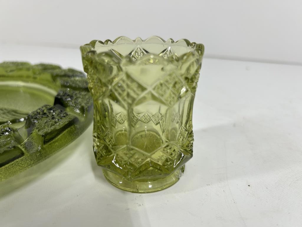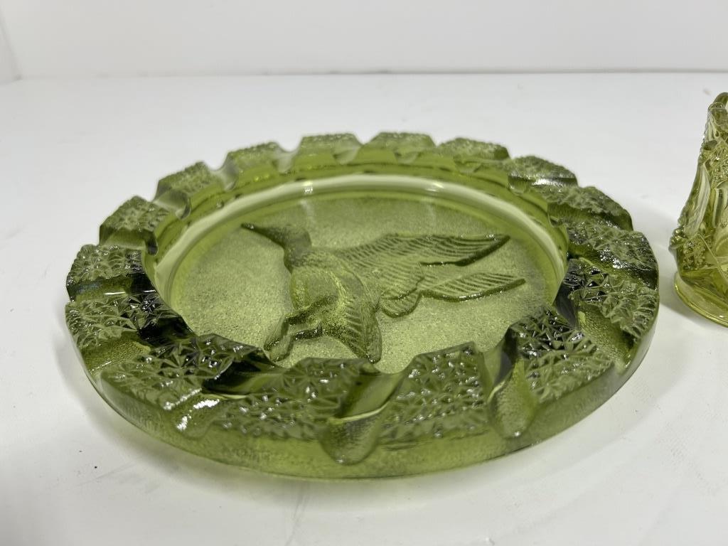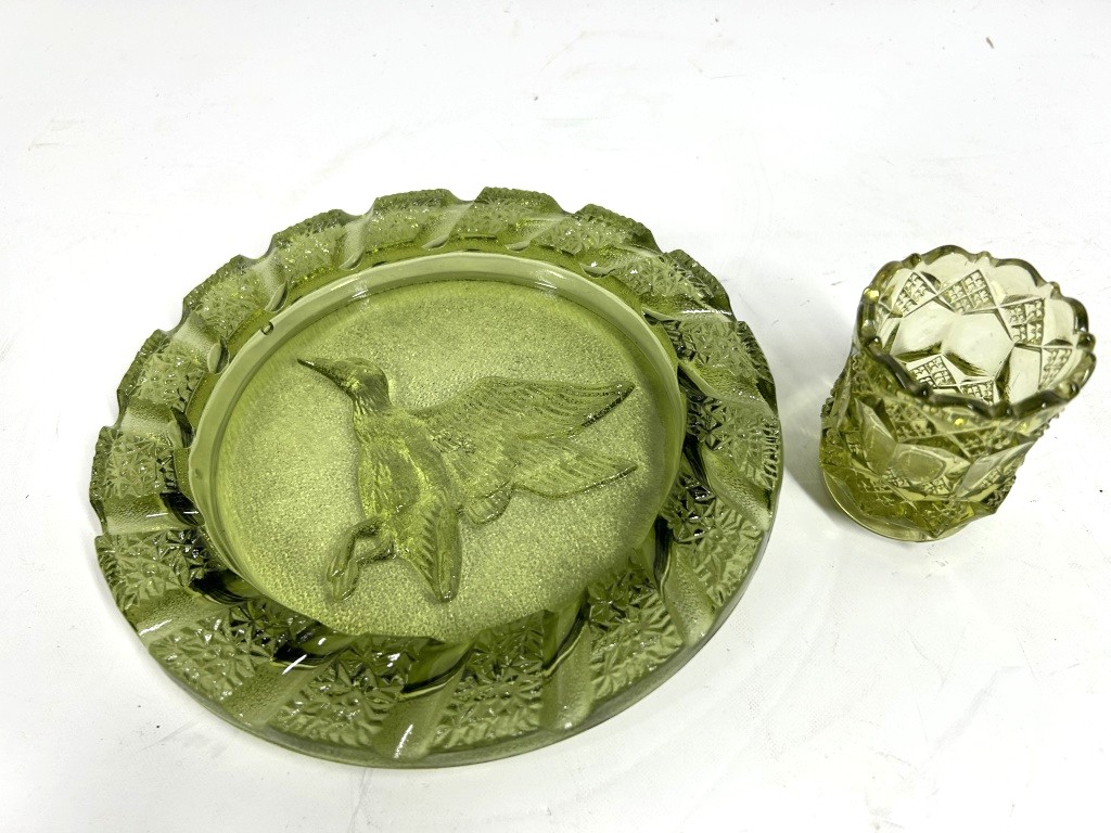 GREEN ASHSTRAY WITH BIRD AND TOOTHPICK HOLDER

==

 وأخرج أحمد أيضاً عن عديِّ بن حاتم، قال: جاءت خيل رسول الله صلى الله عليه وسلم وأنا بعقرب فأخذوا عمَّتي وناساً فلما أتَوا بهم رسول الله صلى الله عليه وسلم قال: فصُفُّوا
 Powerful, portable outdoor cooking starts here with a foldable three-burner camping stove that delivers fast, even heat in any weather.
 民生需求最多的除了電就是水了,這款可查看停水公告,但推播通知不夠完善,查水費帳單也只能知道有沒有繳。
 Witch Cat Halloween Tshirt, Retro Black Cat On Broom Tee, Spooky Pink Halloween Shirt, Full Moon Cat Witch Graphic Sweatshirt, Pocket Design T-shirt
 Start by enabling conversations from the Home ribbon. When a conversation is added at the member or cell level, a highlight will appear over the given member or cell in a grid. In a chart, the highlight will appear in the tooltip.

◆ **WHAT YOU WILL DO**
After locating the line with "وأخرج أحمد أيضاً" above, return that line and every later line through the one with "Witch Cat Halloween", word for word and with nothing else.

◆ **WRITTEN RESPONSE**
 وأخرج أحمد أيضاً عن عديِّ بن حاتم، قال: جاءت خيل رسول الله صلى الله عليه وسلم وأنا بعقرب فأخذوا عمَّتي وناساً فلما أتَوا بهم رسول الله صلى الله عليه وسلم قال: فصُفُّوا
 Powerful, portable outdoor cooking starts here with a foldable three-burner camping stove that delivers fast, even heat in any weather.
 民生需求最多的除了電就是水了,這款可查看停水公告,但推播通知不夠完善,查水費帳單也只能知道有沒有繳。
 Witch Cat Halloween Tshirt, Retro Black Cat On Broom Tee, Spooky Pink Halloween Shirt, Full Moon Cat Witch Graphic Sweatshirt, Pocket Design T-shirt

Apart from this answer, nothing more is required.